# Guter leiser Lüfter 92mm ???



## Booogeyman (9. Februar 2009)

*Guter leiser Lüfter 92mm ???*

Hallo zusammen,
  kann mir jemand nen 92mm Lüfter als Ersatz für meinen Xigmatek Boxed-Kühler empfehlen?
  Momentan kühlt der Xigmatek meinen X4 940BE und ist dabei bei voller Umdrehung alles andere als leise. 
  Der neue sollte auf jeden Fall eine richtig gute Kühlleistung haben und dazu noch einigermaßen leise sein… momentan klingt alles mehr nach Flugzeugturbine.

*Spezifikationen *des Xigmatek
Lüfterabmessungen (H)x(L)x(B)mm: 92x92x25
Geschwindigkeit: 1200-2800 R.P.M.
Lüftermenge: 40-55 CFM
Geräuschverhalten: 23-35 dBA

Gruss, Booogeyman[FONT=&quot]
[/FONT]


----------



## Modstar (9. Februar 2009)

*AW: Guter leiser Lüfter 92mm ???*

Da ich auf 120mm und 140mm setzte habe ich nur mit dem Noiseblocker NOISEBLOCKER XE1 erfahrungen gemacht. 
Der ist sehr leise aber leider kaum für die Cpu zu empfehlen. 
Wie wäre es einen 120 mm lüfter mit nem Adapter auf 92mm auf den kühler zu befestigen ?
Wenn du genügent Platzt hast dann kannst du nen guten und leisen 120mm lüfter installieren!


----------



## Booogeyman (9. Februar 2009)

*AW: Guter leiser Lüfter 92mm ???*

Also auf die Idee bin ich noch gar net gekommen! 

  Kannst mir einen 120er empfehlen, der sehr gut kühlt und dabei auch noch im hohen Drehzahlbereich recht leise bleibt?

  Wie heisst der Lüfter auf dem Noctua NH-U12P? Der scheint net so schlecht zu sein, wobei es bestimmt auch noch genügend billigere gibt!?


----------



## Nickles (9. Februar 2009)

*AW: Guter leiser Lüfter 92mm ???*

Yate loon d12 sl 1350 (led?)

edit:
kacke den gibts gar net in 92 mm ^^


----------



## Der Dudelsack (9. Februar 2009)

*AW: Guter leiser Lüfter 92mm ???*

Der Lüfter beim Noctua heisst NF-P12


----------



## Uziflator (9. Februar 2009)

*AW: Guter leiser Lüfter 92mm ???*

Noiseblocker XE1 oder XE 2.


----------



## Nickles (9. Februar 2009)

*AW: Guter leiser Lüfter 92mm ???*



> Wenn du genügent Platzt hast dann kannst du nen guten und leisen 120mm lüfter installieren!


genau,dann nimm den yate loon!


----------



## Booogeyman (9. Februar 2009)

*AW: Guter leiser Lüfter 92mm ???*



Uziflator schrieb:


> Noiseblocker XE1 oder XE 2.


Haben die genug Luftdurchsatz um den 940BE zu kühlen?
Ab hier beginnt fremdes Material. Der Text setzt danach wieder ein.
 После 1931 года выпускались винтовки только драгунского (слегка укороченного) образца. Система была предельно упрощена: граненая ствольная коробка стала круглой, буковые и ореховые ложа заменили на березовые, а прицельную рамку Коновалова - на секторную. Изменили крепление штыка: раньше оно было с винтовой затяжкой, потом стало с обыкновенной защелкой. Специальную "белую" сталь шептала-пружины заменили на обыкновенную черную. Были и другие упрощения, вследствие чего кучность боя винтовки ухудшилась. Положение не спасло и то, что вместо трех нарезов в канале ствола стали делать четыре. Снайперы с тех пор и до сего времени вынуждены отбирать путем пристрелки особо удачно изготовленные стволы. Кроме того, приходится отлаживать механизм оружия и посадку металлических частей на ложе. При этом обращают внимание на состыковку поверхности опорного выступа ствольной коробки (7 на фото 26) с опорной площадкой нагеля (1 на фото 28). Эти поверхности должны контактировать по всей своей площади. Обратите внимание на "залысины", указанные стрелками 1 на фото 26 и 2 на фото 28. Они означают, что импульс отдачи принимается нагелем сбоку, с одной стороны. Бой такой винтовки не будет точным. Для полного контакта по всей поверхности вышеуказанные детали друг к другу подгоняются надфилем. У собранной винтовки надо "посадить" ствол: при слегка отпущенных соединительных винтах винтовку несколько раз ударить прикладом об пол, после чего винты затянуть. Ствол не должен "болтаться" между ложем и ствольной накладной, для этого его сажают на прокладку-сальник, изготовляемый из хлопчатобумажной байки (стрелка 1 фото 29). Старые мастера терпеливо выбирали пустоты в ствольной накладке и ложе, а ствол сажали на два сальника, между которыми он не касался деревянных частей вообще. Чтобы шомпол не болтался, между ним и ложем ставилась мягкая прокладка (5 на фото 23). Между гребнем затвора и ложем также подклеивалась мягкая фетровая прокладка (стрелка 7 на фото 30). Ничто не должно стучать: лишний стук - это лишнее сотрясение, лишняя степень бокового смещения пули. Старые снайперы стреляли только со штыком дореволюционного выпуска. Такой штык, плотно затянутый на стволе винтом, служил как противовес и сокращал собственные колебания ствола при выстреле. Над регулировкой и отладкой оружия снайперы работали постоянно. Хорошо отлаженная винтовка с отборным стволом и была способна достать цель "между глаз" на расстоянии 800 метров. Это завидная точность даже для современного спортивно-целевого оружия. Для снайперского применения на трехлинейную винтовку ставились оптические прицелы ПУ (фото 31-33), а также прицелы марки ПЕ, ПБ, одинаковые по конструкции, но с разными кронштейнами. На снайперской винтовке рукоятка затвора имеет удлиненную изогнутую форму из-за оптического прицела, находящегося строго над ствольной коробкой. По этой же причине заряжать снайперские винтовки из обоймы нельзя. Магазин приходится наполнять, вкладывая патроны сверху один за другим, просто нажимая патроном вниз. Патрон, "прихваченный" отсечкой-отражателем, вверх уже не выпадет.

Wie laut sind die? Hab nen XL1 als Gehäuselüfter...der ist i.O.


----------



## Uziflator (9. Februar 2009)

*AW: Guter leiser Lüfter 92mm ???*



Booogeyman schrieb:


> Haben die genug Luftdurchsatz um den 940BE zu kühlen? Wie laut sind die? Hab nen XL1 als Gehäuselüfter...der ist i.O.



So entscheindt ist der Luftdurchsatz garnicht,mein Noiseblocker läuft auf 5v und jühlt meinen 940BE@3,6Ghz auf 40c(last)


----------



## Widowmaker_1 (9. Februar 2009)

*AW: Guter leiser Lüfter 92mm ???*

Sharkoon Silent Eagle 1500


----------



## Nickles (9. Februar 2009)

*AW: Guter leiser Lüfter 92mm ???*

92 zu 120mm adapter und Caseking.de » Lüfter » Yate Loon » Yate Loon D12SL-12+4LED UV 1350 Lüfter - 120mm
rein!


...


----------



## Booogeyman (10. Februar 2009)

*AW: Guter leiser Lüfter 92mm ???*



Uziflator schrieb:


> So entscheindt ist der Luftdurchsatz garnicht,mein Noiseblocker läuft auf 5v und jühlt meinen 940BE@3,6Ghz auf 40c(last)



40°C sind sehr gut! Welchen Noiseblocker in welcher Größe hast denn und wie laut ist der? 

Jetzt mal ne saudumme Frage...wenn ich nen neuen Lüfter montiere...muss der die Luft ansaugen vom Kühler oder draufblasen? Also logisch wäre doch eher draufblasen oder net? Belehrt mich mal.

Gruss


----------



## Demcy (10. Februar 2009)

*AW: Guter leiser Lüfter 92mm ???*

Draufblasen


----------



## Uziflator (10. Februar 2009)

*AW: Guter leiser Lüfter 92mm ???*

Draufblasen, hatte einen Xl.1 drauf,ist einen Modding experiment zum Opfer gefallen.


----------



## Onkelz-Fan94 (10. Februar 2009)

*AW: Guter leiser Lüfter 92mm ???*

Naja was hälst du von den Xencore?
Die sind sehr leise!
MFG


----------